Observe this elephant and castle; we shall meet with him farther north.

“These sculptures of St. Zeno are, however, quite quiet and tame compared with those of St. Michele of Pavia, which are designed also in a somewhat gloomier mood; significative, as I think, of indigestion. (Note that they are much earlier than St. Zeno; of the seventh century at latest. There is more of nightmare, and less of wit in them.) Lord Lindsay has described them admirably, but has not said half enough; the state of mind represented by the west front is more that of a feverish dream, than resultant from any determined architectural purpose, or even from any definite love and delight in the grotesque. One capital is covered with a mass of grinning heads, other heads grow out of two bodies, or out of and under feet; the creatures are all fighting, or devouring, or struggling which shall be uppermost, and yet in an ineffectual way, as if they would fight for ever, and come to no decision. Neither sphinxes nor centaurs did I notice, nor a single peacock (I believe peacocks to be purely Byzantine), but mermaids with two tails (the sculptor having perhaps seen double at the time), strange, large fish, apes, stags (bulls?), dogs, wolves, and horses, griffins, eagles, long-tailed birds (cocks?), hawks, and dragons, without end, or with a dozen of ends, as the case may be; smaller birds, with rabbits, and small nondescripts, filling the friezes. The actual leaf, which is used in the best Byzantine mouldings at Venice, occurs in parts of these Pavian designs. But the Lombard animals are all alive, and fiercely alive too, all impatience and spring: the Byzantine birds peck idly at the fruit, and the animals hardly touch it with their noses. The cinque cento birds in Venice hold it up daintily, like train-bearers; the birds in the earlier Gothic peck at it hungrily and naturally; but the Lombard beasts gripe at it like tigers, and tear it off with writhing lips and glaring eyes. They are exactly like Jip with the bit of geranium, worrying imaginary cats in it.”

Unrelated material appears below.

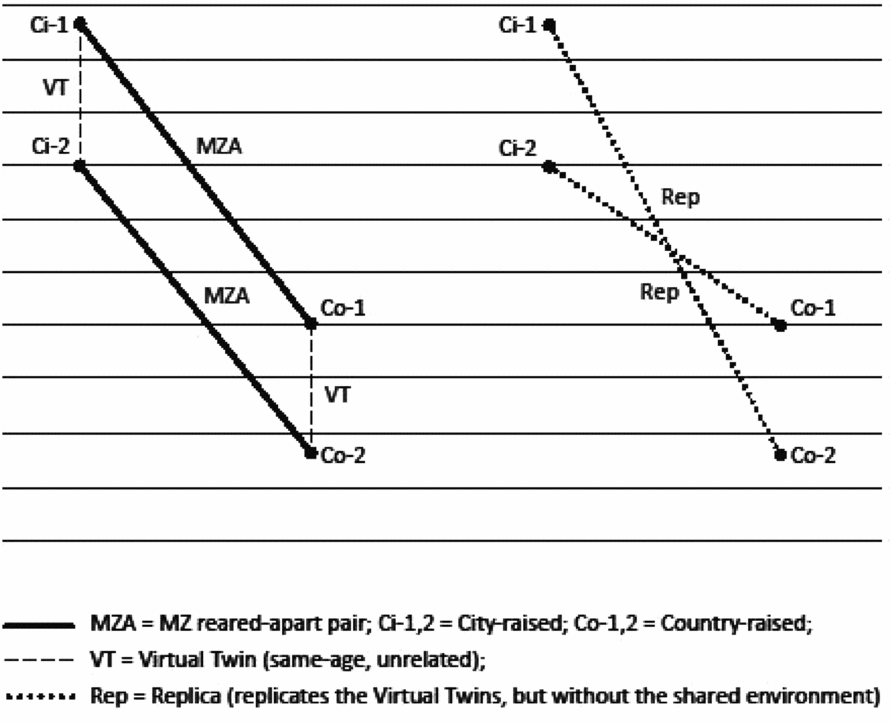 The better educated city-raised twins outscored their country-raised co-twins. The co-twins in one MZA pair were at items 34 and 24, respectively, after 42 min had elapsed, whereas the co-twins in the other pair completed the test in less than 42 min. Members of the unrelated pairs (VTs) scored closer to one another than to their reared-apart co-twins. Interestingly, the degree of difference between the two MZA pairs and the two VT pairs was about the same. The biggest difference among the six pairings was between one of the replicated pairs, followed by the two MZA twin pairs. These findings are shown graphically in Figure 2.

The notice of the leaf in the above extract is important,—it is the vine-leaf; used constantly both by Byzantines and Lombards, but by the latter with especial frequency, though at this time they were hardly able to indicate what they meant. It forms the most remarkable generality of the St. Michele decoration; though, had it not luckily been carved on the façade, twining round a stake, and with grapes, I should never have known what it was meant for, its general form being a succession of sharp lobes, with incised furrows to the point of each. But it is thrown about in endless change; four or five varieties of it might be found on every cluster of capitals: and not content with this, the Lombards hint the same form even in their griffin wings. They love the vine very heartily.